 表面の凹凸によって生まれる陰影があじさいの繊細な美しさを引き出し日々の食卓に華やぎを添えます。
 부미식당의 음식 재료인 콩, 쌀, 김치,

........

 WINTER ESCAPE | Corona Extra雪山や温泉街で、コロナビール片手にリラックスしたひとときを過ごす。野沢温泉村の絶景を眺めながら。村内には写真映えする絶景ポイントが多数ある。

........

*Goal of the exercise*
What you return should be exactly the lines above, starting at the one with "表面の凹凸によって生まれる陰" and ending at the one with "부미식당의 음식 재료인", and nothing else.

*Solution*
 表面の凹凸によって生まれる陰影があじさいの繊細な美しさを引き出し日々の食卓に華やぎを添えます。
 부미식당의 음식 재료인 콩, 쌀, 김치,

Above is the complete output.